The few families (and I mean few) who do have that attitude would only take their kids out even if it was compulsory, so you will never stop that. But kids who grow up in those families still have a better chance of finding out for themselves because of the society in which they are being brought up in. Attitudes have changed even since I was a kid.

I hope I have made my argument clear enough. I cannot speak for other schools, but my children are not the only ones taken out (and no we are not gypsies or Mormons or belong to any kind of sect) and the teachers are excellent about it. Kids come and go for lots of different reasons and the kids who don't watch the DVD just go into the next classroom. It's hardly noticed, especially with mixed year groups who all go off at times to do different things anyway.

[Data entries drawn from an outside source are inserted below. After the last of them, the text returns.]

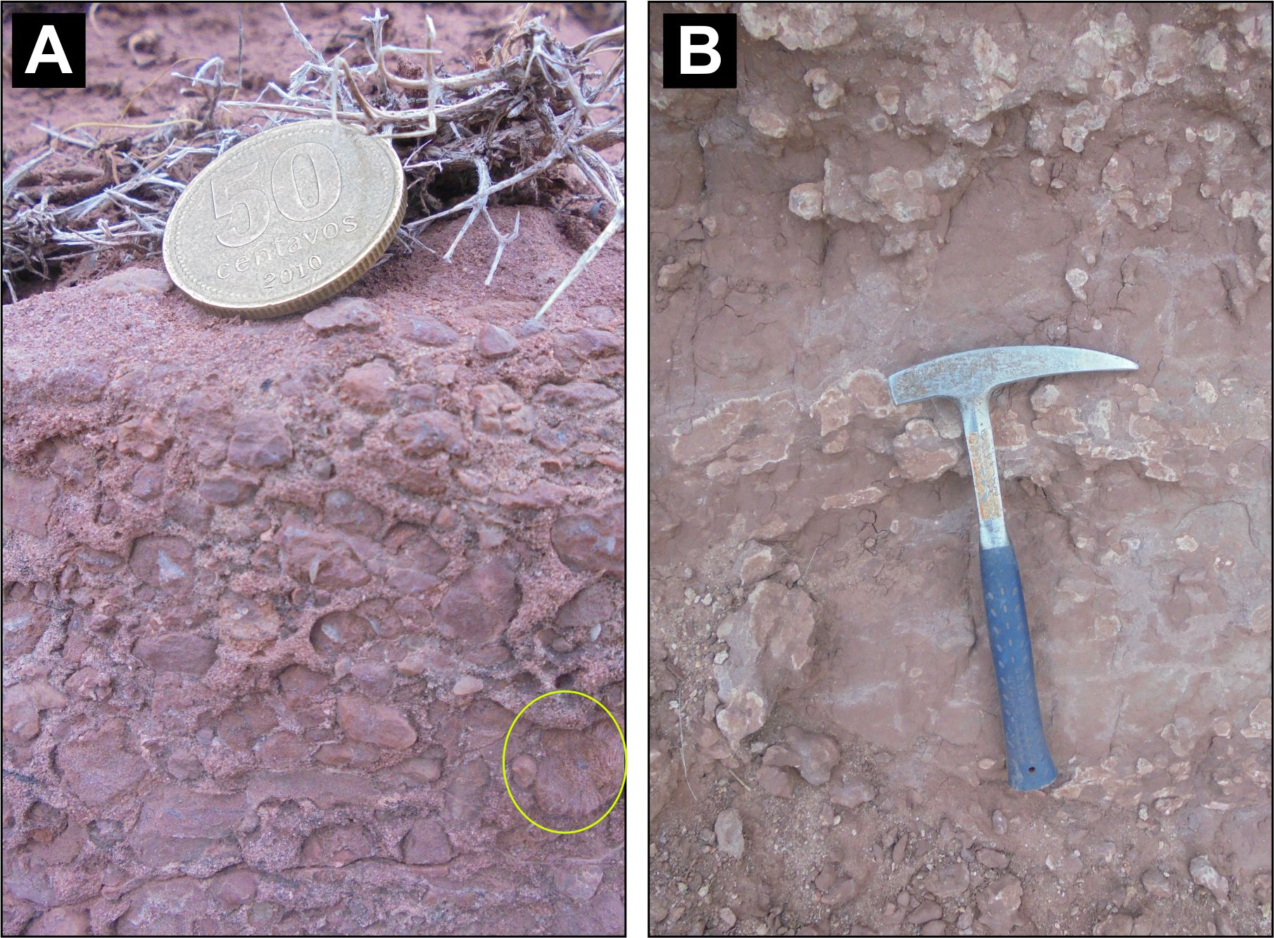 Fig. 6. Field photos of the facies present in the study area. A. Conglomerate composed almost exclusively of carbonate clasts. The yellow circle indicates the presence of an undifferentiated invertebrate remains. B. Carbonate nodules and calcrete levels in floodplain facies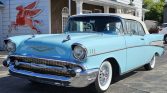 This 1957 Chevrolet Bel Air two-door convertible is finished in blue over a coordinated two-tone interior and is powered by a 283ci V8 paired with a two-speed Powerglide automatic transmission. The car was refurbished at some point under prior ownership and is equipped with a power-operated white soft top, a blue top boot, 14″ steel wheels, power steering, a split-folding front bench seat, and a push-button radio.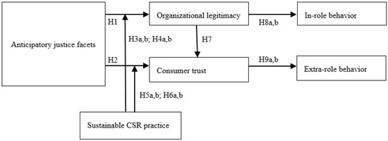 A positive history of CSR efforts offers a halo effect in protecting corporate brand image and creating credibility and trust [106]. Several studies have concluded that consumer response to CSR efforts can both build and protect corporate brand image, trust, and behavioral intentions [106,109,110,111] against service failures. Hence, corporations that engage in the process of anticipatory justice to recover corporate legitimacy and consumer trust are likely be moderated by sustainable CSR practice. The following hypotheses are proposed:
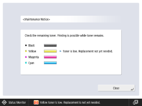 Until you delete the notification screen, it appears each time the machine exits Sleep Mode or the main power is turned ON. To delete the notification screen, perform the [Delete Remaining Toner Error] operation. [Delete Remaining Toner Error]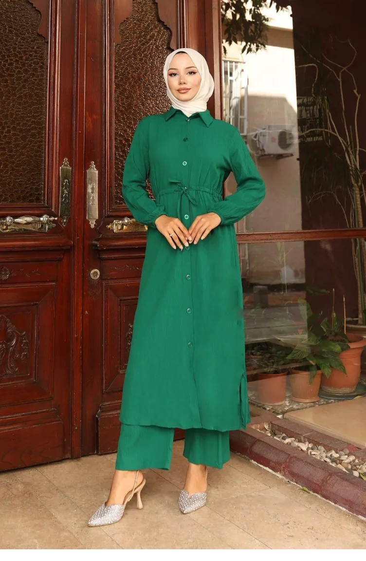Yırtmaç Detaylı Uzun Takım Yeşil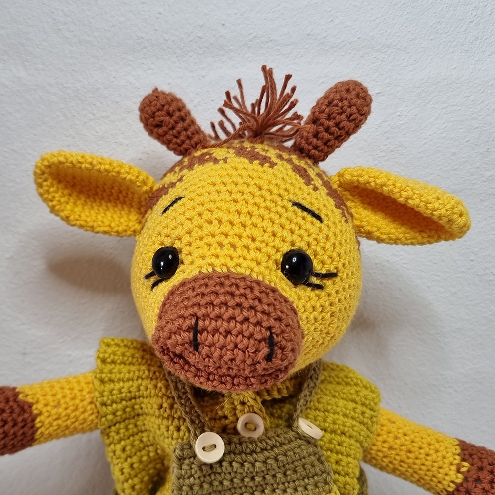 Hæklet Gert Giraf er en håndhæklet ven med masser af charme. Han er udført med bevægelige arme og ben, så han kan både sidde og stå.Gert er klædt i aftagelige bukser og trøje, hvilket gør ham perfekt til rolleleg. Tøjet lukkes med fine træknapper, som tilføjer et rustikt og naturligt udtryk.Giraffen har sikkerhedsøjne, der er fastmonteret og godkendt til brug af børn.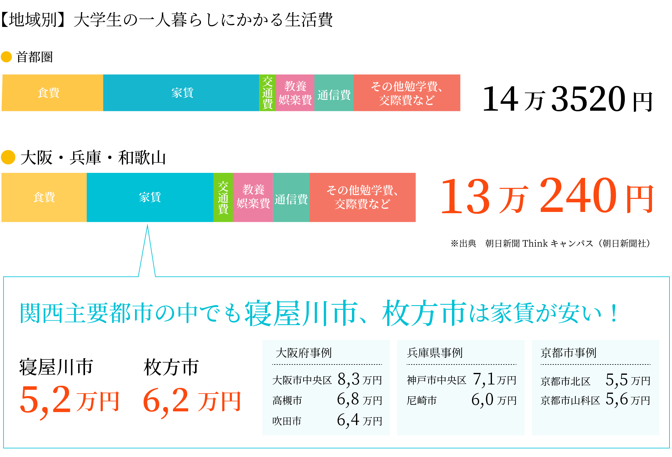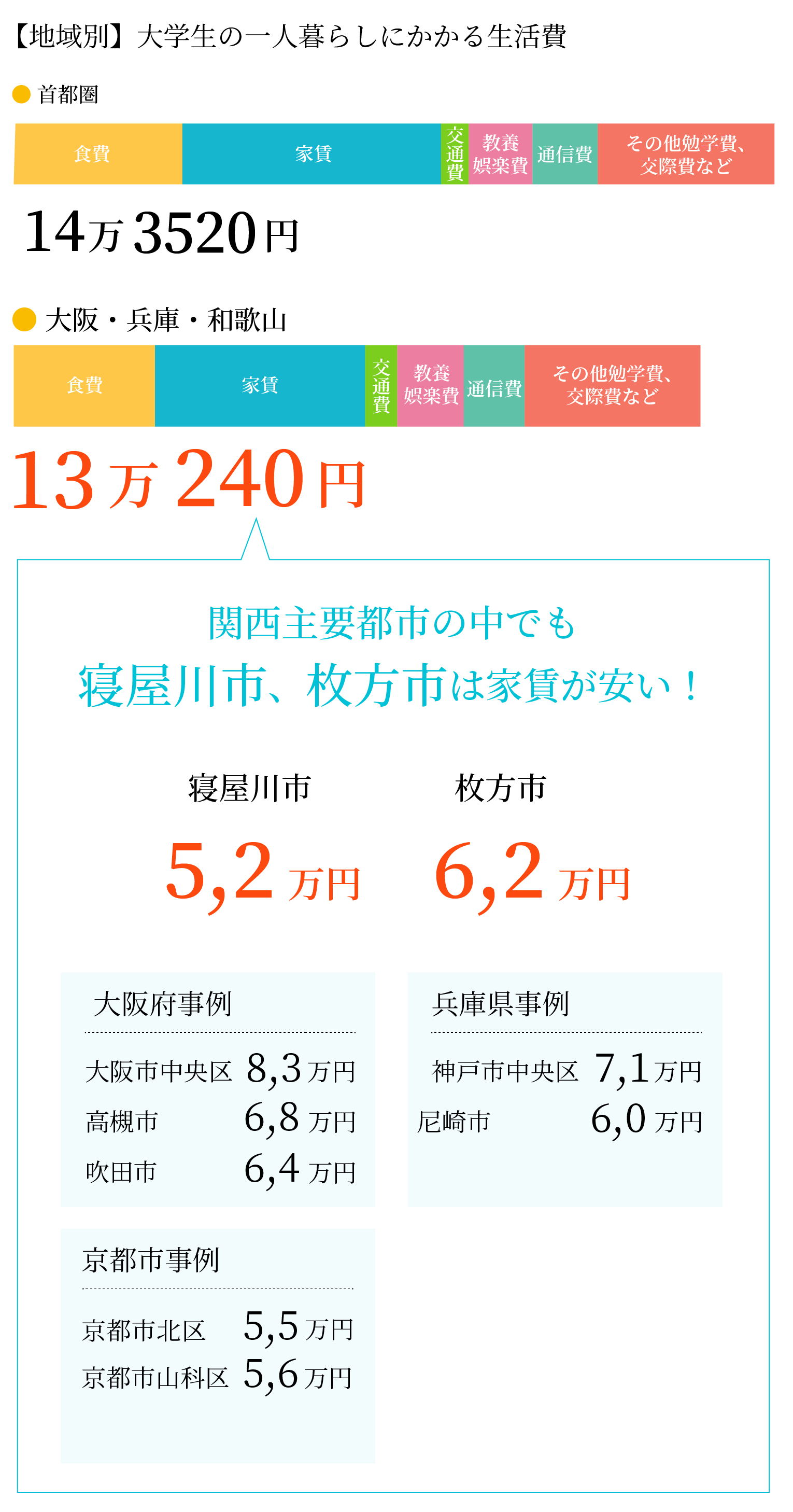関東と比べ、月額でかかる生活費が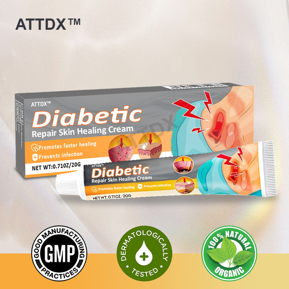 At ATTDX™, we accelerate wound healing with advanced care for diabetes-related skin issues. Our ATTDX™ Diabetic Repair Skin Healing Cream is designed to accelerate the healing of diabetes-related wounds and sores. Its advanced formula provides deep moisture and effective infection prevention, promoting faster recovery and enhanced skin health.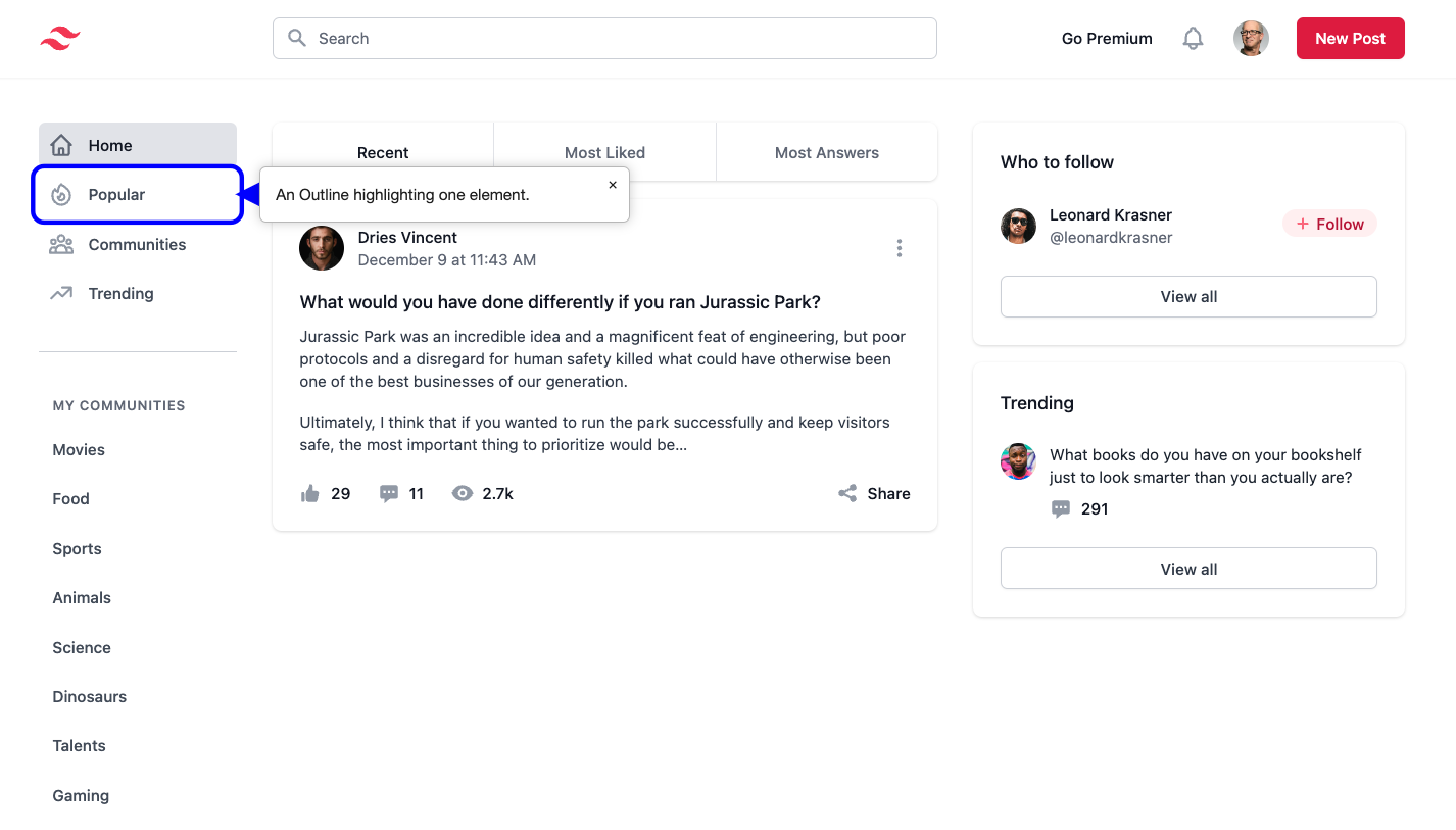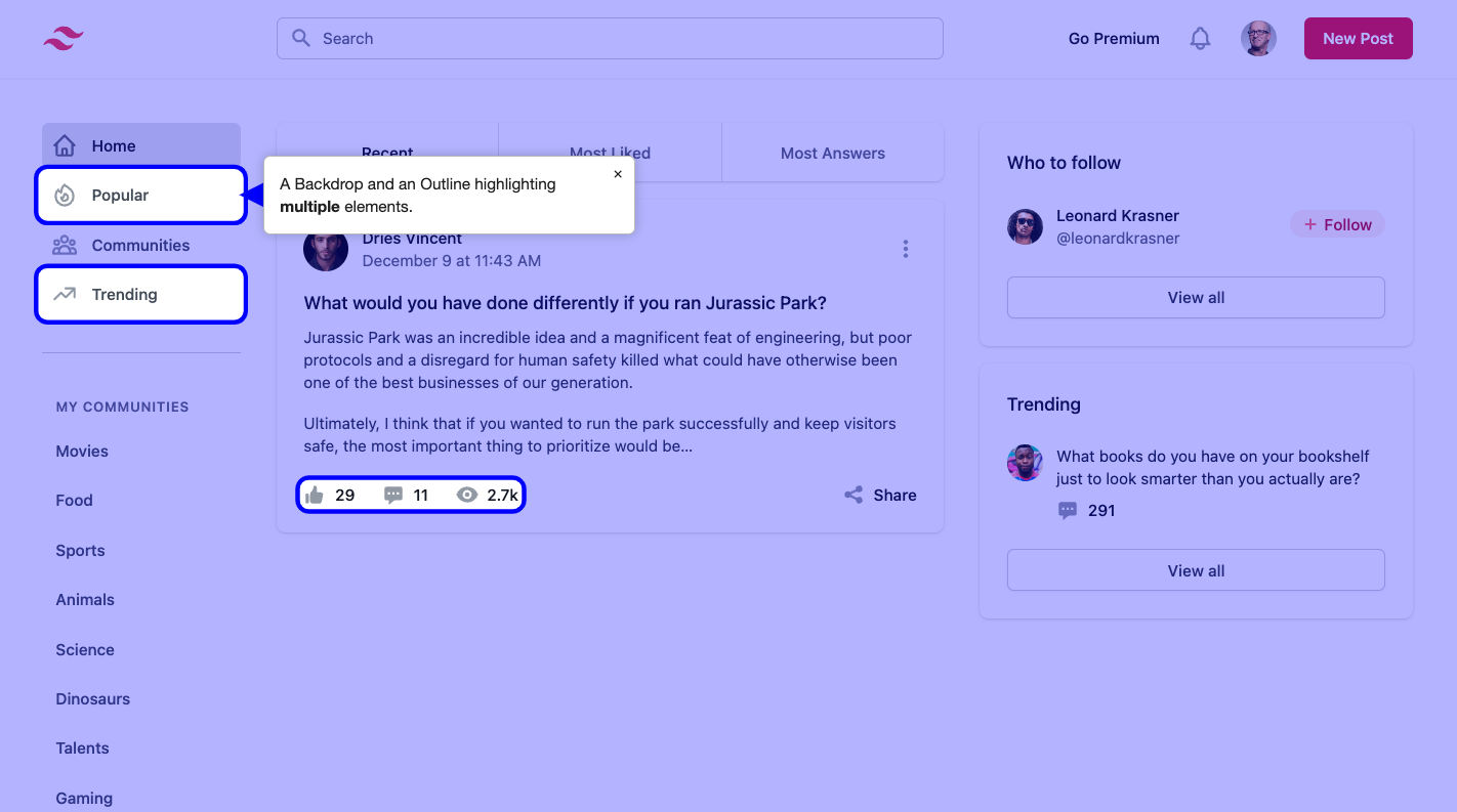 You can turn on the Outline, but that will not prevent the user from clicking on the other parts of the application. Next, turn on the Backdrop, which will add the overlay and reduce the opacity of the Backdrop to 0 (zero). This will show the same as in the image above, but this time, the user cannot interact with anything other than the outlined element.

I did watch the DVDs, I did have discussions with the teachers and they were very understanding. Whether or not they thought me an arsehole I have no idea, but I doubt that everyone is quite as common or closed-minded as Crapola.

My other main argument was that it should never be made compulsory at primary level. The government already have far too much control over our children and I'd like to be able to parent my kids as I see fit without the government stepping in. Whether you agree with someone else's parenting choices or not, you cannot force a parent to make the same choices you do just because you feel you are in the right. It's almost as though the government is saying that parents don't know what is best for their children and that really annoys me.

Phew! Can we move on now?

BoattoHogwartsviaBolivia · 08/07/2011 11:24

Minor detail, rhubarb0 Smile, Gypsy is a recognised ethnic group, and ,as such, should be capitalised. Wouldn't normally pick upon it on here as we all miss capitals off when typing in a hurry, but you did take the time to capitalise Mormon, so thought you might like to know.
I think you shoe, by your posts, that you have though this through very thoroughly and have made so good points. It would be lovely to think that sex ed could be just taught as part of the normal curriculum, and not made such a big issue of. I think we do ourselves a big disservice as teachers by calling it sex ed. It make parents more jumpy, when often it is just health and body awareness.
We also teach a drugs awareness course in year 5, which sounds nuts, but is actually very little to do with drugs per se, but more about making informed choices and developing strategies for saying 'no' to nothing you don't want to do. It covers friendships and empowers the children to stand by their decisions.

BoattoHogwartsviaBolivia · 08/07/2011 11:24

Shoe= show btw!

CrapolaDeVille · 08/07/2011 11:26

"and when they have RE." Rhubarb.

Your comments angered me.... for their sheer ridiculousness.

Sex Ed in RE....what does God think about wanking?

Funny that you have no desire to stop them being fed faith but not fact.
Religion should be taught as beliefs, sex ed should be compulsory.

BadBagel · 08/07/2011 11:37

'It would be lovely to think that sex ed could be just taught as part of the normal curriculum, and not made such a big issue of. I think we do ourselves a big disservice as teachers by calling it sex ed. It make parents more jumpy, when often it is just health and body awareness'

Completely agree Boatto!

It's just sad that people still have such a huge hang ups about the word 'sex' Watching a dvd is made into a 'big deal' because the parents/adults make it a big deal.